**What you have to do**
Extract, exactly as written, each line from the start of the records below to the line containing "If an LRS (Long", both ends included; drop the pictures.

**Material supplied**
::::

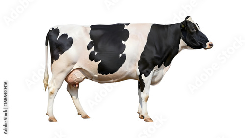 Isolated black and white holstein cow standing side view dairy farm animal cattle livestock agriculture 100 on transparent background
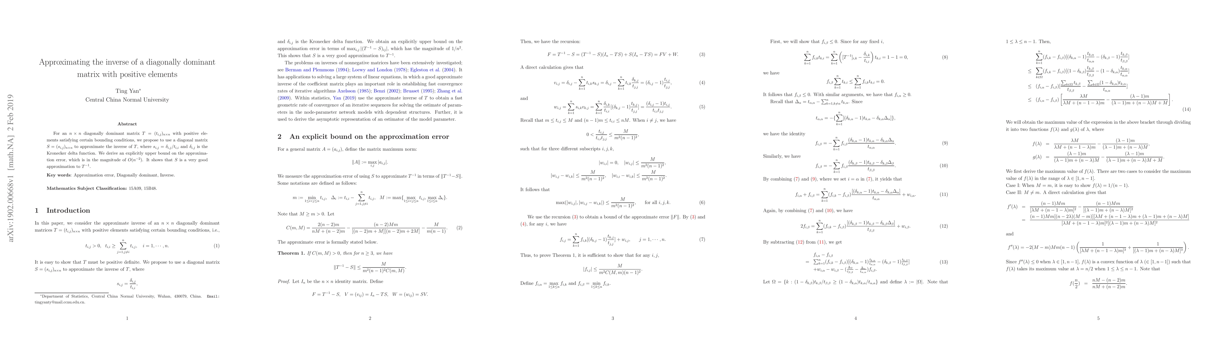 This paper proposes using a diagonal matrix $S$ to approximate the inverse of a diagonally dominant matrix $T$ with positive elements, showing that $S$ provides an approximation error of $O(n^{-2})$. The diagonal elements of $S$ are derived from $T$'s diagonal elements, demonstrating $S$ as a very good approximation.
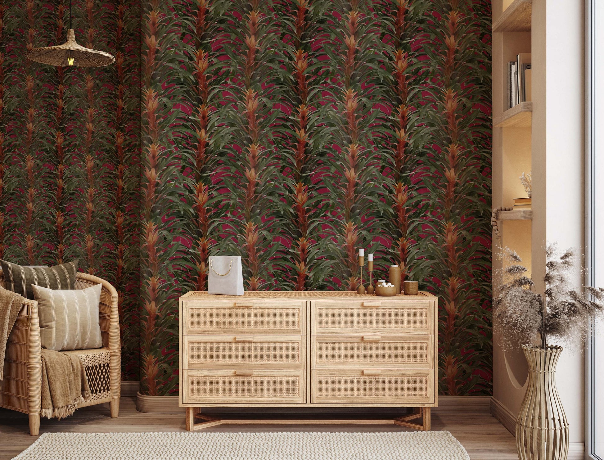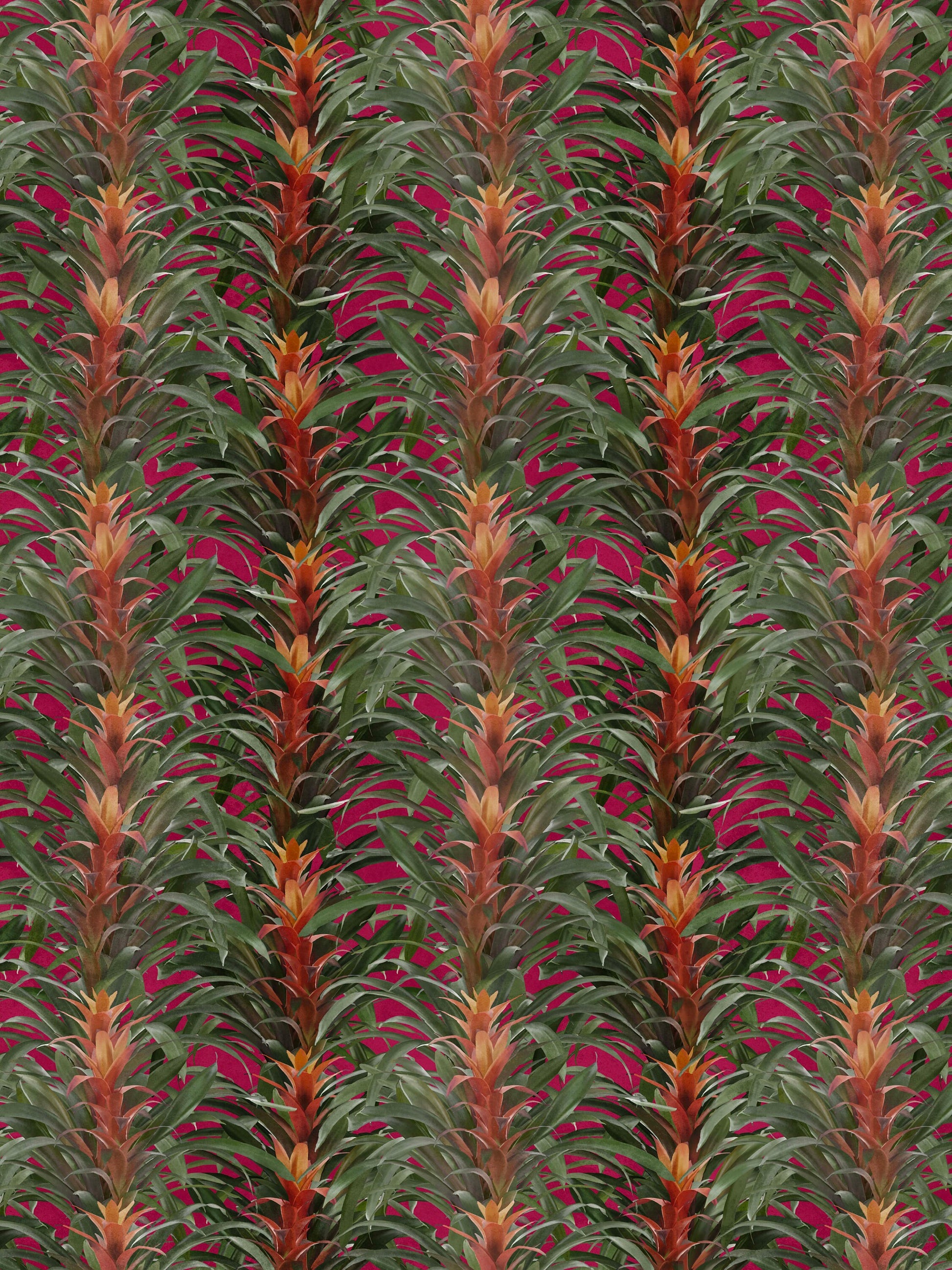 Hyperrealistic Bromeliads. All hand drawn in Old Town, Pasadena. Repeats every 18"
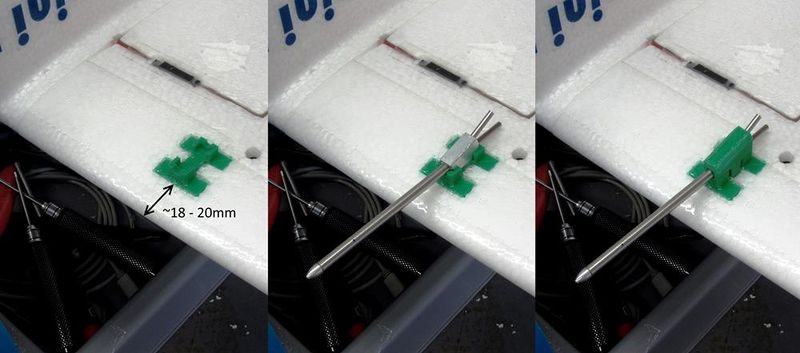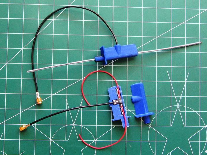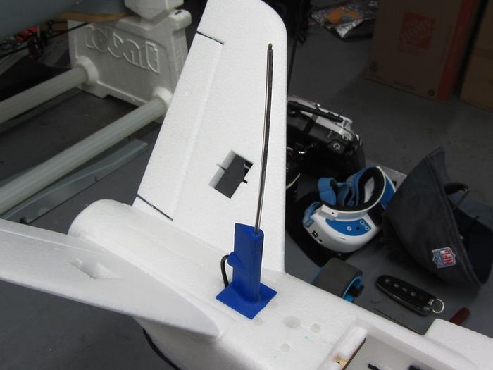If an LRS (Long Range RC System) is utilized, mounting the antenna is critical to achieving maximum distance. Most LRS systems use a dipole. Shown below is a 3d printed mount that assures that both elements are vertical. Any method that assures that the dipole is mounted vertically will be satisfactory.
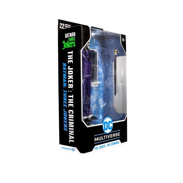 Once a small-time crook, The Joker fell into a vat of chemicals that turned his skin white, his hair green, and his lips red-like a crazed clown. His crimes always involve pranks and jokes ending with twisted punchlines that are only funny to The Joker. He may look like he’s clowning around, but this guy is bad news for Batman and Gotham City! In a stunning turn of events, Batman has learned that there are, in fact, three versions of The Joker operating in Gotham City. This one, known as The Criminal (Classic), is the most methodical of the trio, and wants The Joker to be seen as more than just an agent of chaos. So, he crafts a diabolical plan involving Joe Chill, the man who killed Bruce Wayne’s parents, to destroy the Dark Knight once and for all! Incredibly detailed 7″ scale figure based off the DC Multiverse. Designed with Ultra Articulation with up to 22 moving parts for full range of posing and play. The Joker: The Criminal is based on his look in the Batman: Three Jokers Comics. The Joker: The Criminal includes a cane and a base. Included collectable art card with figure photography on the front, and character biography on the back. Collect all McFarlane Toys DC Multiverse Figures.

::::

**Response area**
 Isolated black and white holstein cow standing side view dairy farm animal cattle livestock agriculture 100 on transparent background
 This paper proposes using a diagonal matrix $S$ to approximate the inverse of a diagonally dominant matrix $T$ with positive elements, showing that $S$ provides an approximation error of $O(n^{-2})$. The diagonal elements of $S$ are derived from $T$'s diagonal elements, demonstrating $S$ as a very good approximation.
 Hyperrealistic Bromeliads. All hand drawn in Old Town, Pasadena. Repeats every 18"
If an LRS (Long Range RC System) is utilized, mounting the antenna is critical to achieving maximum distance. Most LRS systems use a dipole. Shown below is a 3d printed mount that assures that both elements are vertical. Any method that assures that the dipole is mounted vertically will be satisfactory.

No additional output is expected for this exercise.